What's the first thing you check when an untouched unix server starts going berserk?

Question

So you have this neatly setup unix server and it's super fast and works swell and everything is great for months, and suddenly all kinds of weird errors start showing up for a variety of different services and none of them make a lot of sense on their own, much less together.

What are cheap things you should check as soon as you get your ssh session to the machine?

I'm specially interested in trauma stories that highlight non-obvious commands and rare situations, but I guess what's obvious varies from person to person, so we can just list them all freely.

Avery Payne · Accepted Answer · 2009-06-10T08:19:01.790

First Order: Is it responsive?

If you can't log in, there's bigger problems afoot. This generally comes in two flavors: hardware failure, and software failure. Both are potentially catastrophic. To prevent DFA errors, check the general hardware health first - a simple glance-over usually will suffice.

Second Order: Are the system's underlying structures in good health and order?

Check the "Golden Triad" of systems:

Enough CPU time is free for processing
Enough disk space is free for storage
Enough memory is free for workloads

In the last few decades, the triad has expanded into a "quad" which includes communications (networking):

Connectivity is functional, responsive, and has capacity

Third Order: What is the severity of the issue?

What programs or services are affected? In decreasing order of severity, is it systemic (system-wide), clustered (a group of programs), or isolated (a specific program)? Clusters of programs typically are tripping up because a specific underlying service has failed or gone unresponsive. Systemic issues are sometimes related to this (think DNS or IP conflicts) but knowing where to look is usually the key.

Fourth Order: Are diagnostic tools providing useful data relevant to the issue? Now that you have info about the health of the system (second order) and what parts of it are experiencing issues (third order) this should make it easy to narrow down where the problem is.

Error messages or log files should be a common waypoint on this journey.

CPU issues:

loadav
top
strace

Disk space / I-O issues:

df
du
lsof
iostat
vmstat

Memory issues:

free

Connectivity issues:

ping
route (and arp and rarp and friends)
iptables, ipchains, ipfw (for those BSD folks out there)
traceroute or mtr
hosts, nslookup, or dig
netstat

Most common complaint (that I hear):

Email is not delivering fast enough (more than a minute from send to receipt by recipient) or, email is rejecting my attempt to send. This usually comes down to the rate limiter in Postfix kicking in during a spam-storm, which impacts the ability to accept internal delivery.

A real-life example:

However, this is not always the case.

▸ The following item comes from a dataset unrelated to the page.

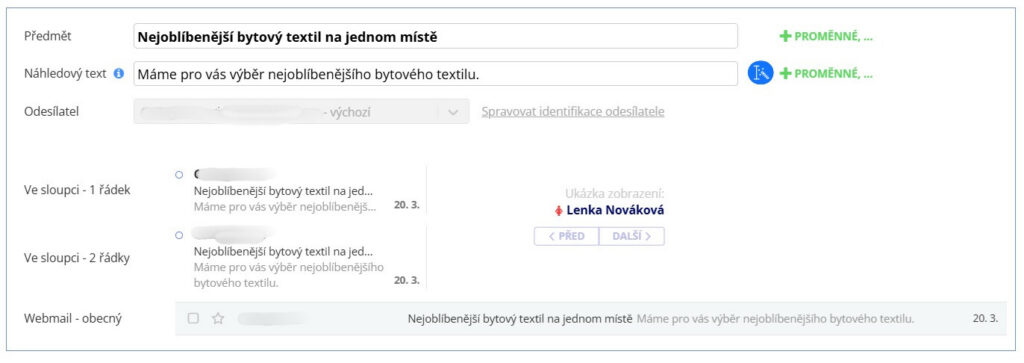 Co se nám v Leadhubu také hodně líbí, je společný náhled předmětu a preheaderu. Na první pohled vidíte, jak k sobě „pasují“, a hlavně to, jak se budou zobrazovat v různých klientech a na různých zařízeních:

One time, the issue persisted regardless of service restarts; so after 3 minutes it was time to start looking around. CPU was busy but under 100%, yet the load had soared to 15 on a box of just 2 cores, and was threatening to go higher. The top command revealed that the mail system was in overdrive, along with the mail scanner, but there were no amavis child processes to be seen. That was the clue - the mail queue command (mailq) showed some 150+ undelivered messages, over 80% of which were spam, in the last 20 minutes. A quick adjustment to lower the rate limiter (which reduced the intake rate of the spam storm) while increasing the number of child email scanner processes (to help process the backlog), followed by a service restart, resolved the issue and the system was able to complete deliveries in a short time.

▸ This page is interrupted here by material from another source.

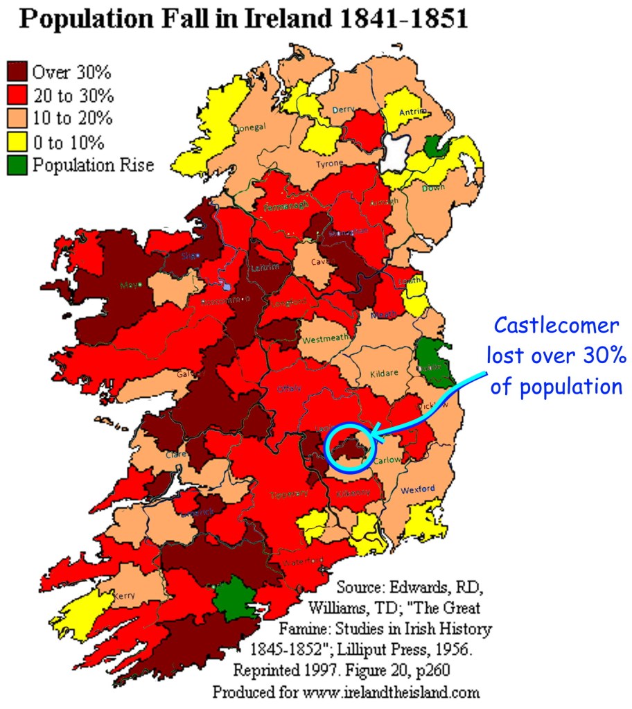 Wandesforde’s policies changed Castlecomer dramatically. From 1830 to 1841, and continuing through the Great Famine to 1851, the population dropped over 30%.
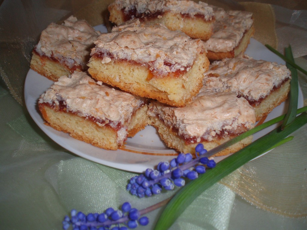 Очень вкусный, рассыпчатый песочный пирог с хрустящим безе нарезать на порции и подать к чаю.

The cause of the problem was that the amavis parent process had keeled over dead, and the child processes had eventually all run their course (they self-terminate after so many scans to prevent memory leaks). So there were SMTP processes in postfix attempting to contact...thin air...to do the spam/virus scanning that was needed. The distro I was using had out-of-date packages that would never be updated; as the installation was due to be replaced in a year or so, I manually "overrode" the install to the latest version, which included several bug fixes. I haven't had the same problem since.

score 5 · Answer 2 · answered May 18 '09 at 17:55

5

usually "who" followed by "last"

a heap of issues on machines I've managed over times have been because of a very loose definition of "untouched" - often someone has done something :)

answered May 18 '09 at 17:55

Mark Regensberg

1,421
12
14

score 4 · Answer 3 · answered May 18 '09 at 08:00

Well, I'll start.

This one bit me once, I spent hours trying thousands of different things, disabling services here and there, rebooting, etc. What was the problem? Totally out of disk space.

So, here's the first thing I type when debugging a suddenly troubled server:

df -h

I never forget that now. It just saved me lots of wasted effort. Thought I'd share.

score 2 · Answer 4 · answered May 18 '09 at 08:01

2

top (or htop)

answered May 18 '09 at 08:01

Oli

1,791
17
27

1

or prstat on solaris. – kch May 18 '09 at 08:04

score 1 · Answer 5 · answered May 23 '09 at 06:02

Running something like (at)sar on the host is almost mandatory. The usefulness of being able to get historical snapshots of CPU, network, memory and disk I/O (amongst others) cannot be understated.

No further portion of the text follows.